Лиля послала Ганцу улыбку.
Она сомневалась, что было, то было, но волков бояться – сразу утопиться.
Ганц медленно, словно боясь спугнуть, подошел к Лилиан, протянул руку.
– Ты позволишь?
Лиля взглянула на раскрытую ладонь. Кончики пальцев мужчины чуть подрагивали. Страх? Возбуждение?
Лиля помедлила и вложила свои пальцы в узкую ладонь мужчины. Ганц потянул ее к себе, заставляя приподняться с кресла, чуть приобнял за плечи и коснулся губами губ. Легко-легко, совсем невесомо, но вполне уверенно.
«Ты мне доверяешь?»
«Я попробую тебе довериться».
«Ты не пожалеешь».
А потом отстранился и вышел.
Лиля опустилась в кресло. Совершает ли она ошибку? Альдонай знает. Жаль, что сообщить не удосужится. Ладно. Время покажет…
– Ты выходишь замуж. – Ричард констатировал факт. Не ругался, не злился…
Лиля пожала плечами. Та же шкура, камин, два бокала вина – и серые глаза напротив. И почему он когда-то не понравился? Из-за красоты? Из-за сходства с покойным мужем? Из-за дружбы с Джесом?
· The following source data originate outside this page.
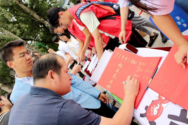 几十年的岁月无法抹去曾经的点滴回忆,也无法消磨学生时代的同窗情谊,几十年后,校友重新相聚于母校,回忆往年入校种种,品味分别几十年来的人生历程,共同享受重聚的欢愉与喜悦。上午8时许,校友们便渐渐来到了beat365体育馆北广场材料学院签到处,在这里,他们在火红的签名册上虔诚地签下了自己的名字,完成了毕业几十年来的又一本签到花名册,也收到了来自学院及学校准备的纪念品。火红的花名册是他们的赤诚之心,而在上面一一书写的名字则无疑是此次校友重聚的见证与下一个十年之约的承诺书。
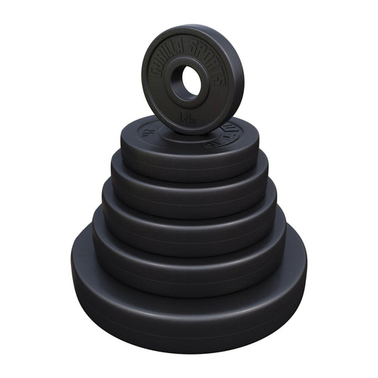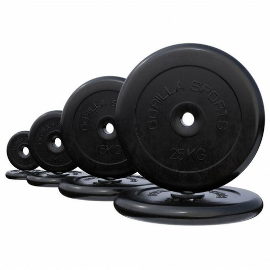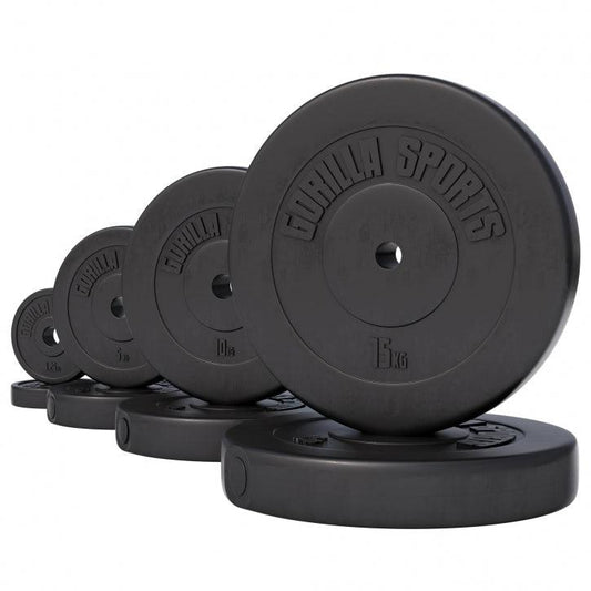 Gorilla Sports bietet Hantelscheiben für Hantelstangen mit 30 mm oder 50 mm Durchmesser an. Je nach Bedarf findest Du Hantelscheiben aus Kunststoff, Gusseisen oder Gummi, teilweise mit extra Gripp für eine einfachere Handhabung.
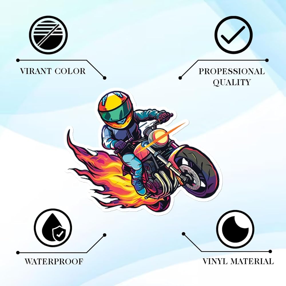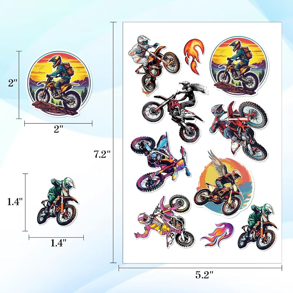 WELL-MADE STICKER :Made of non-toxic vinyl materials, our motorcycle stickers are safe, waterproof and durable. Each vinyl motocross sticker is about 2-3 inches, printed by the new high-definition, the pattern is more accurate and clear.
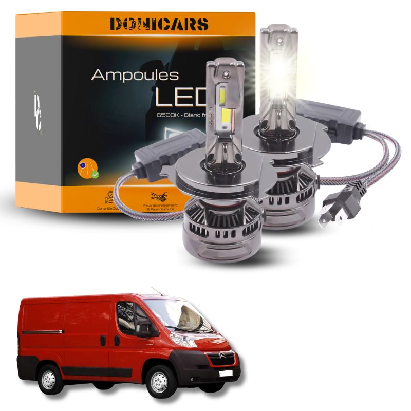 Remplacez aisément les ampoules halogènes traditionnelles de votre Citroën Jumper (1994 à 2006) par nos ampoules LED H4 grâce à la technologie Plug & Play. Aucune modification nécessaire : profitez d'une lumière blanche pure de 6500K qui améliore la visibilité tant de jour que de nuit.
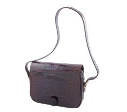 <span class='ref_item'>127 -</span> <span class="object_title">BOLSO EN PIEL DE COCODRILO Y PIEL MARRÓN</span>   <p><span class="technical_description">Bolso tipo bandolera realizado con piel de cocodrilo en tapa superior y posterior, asa y cierre. Cuerpo en piel marrón. Dos compartimientos interiores y otro con cremallera. <br/>Muestra algunas señales de uso.<br/>Medidas sin incluir el asa: 26x20,5cm</span><br></p>
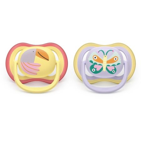 Prezentare:Set cu 2 suzete Ultra Air Philips Avent, modele Papagal și Fluture.

Кто поймет женщину – может рассчитывать на нобелевку. Эх, не был бы ты принцем…
– Да. Ты против? Или твой отец?
Ричард покачал головой.
– Отец доволен. Ему уже надоели просители.
– Просители?
Ричард насмешливо улыбнулся.
– Лили, милая, а ты думала, что все в жизни так просто? Ты молода, очень красива, богата, знатна… к тебе и герцоги сватались.
– Ко мне?
– Приходили к отцу, если бы он дал согласие…
– А ко мне прийти не судьба была?
– А их мнение женщины не очень волновало.
Лиля зашипела. Ричард рассмеялся. Он откровенно наслаждался ее реакцией. Такой живой, естественной, искренней – так себя мог вести только Джерисон. Но он рос рядом, видел не принца, а человека – и Лилиан тоже видела в нем человека. И не скрывала этого.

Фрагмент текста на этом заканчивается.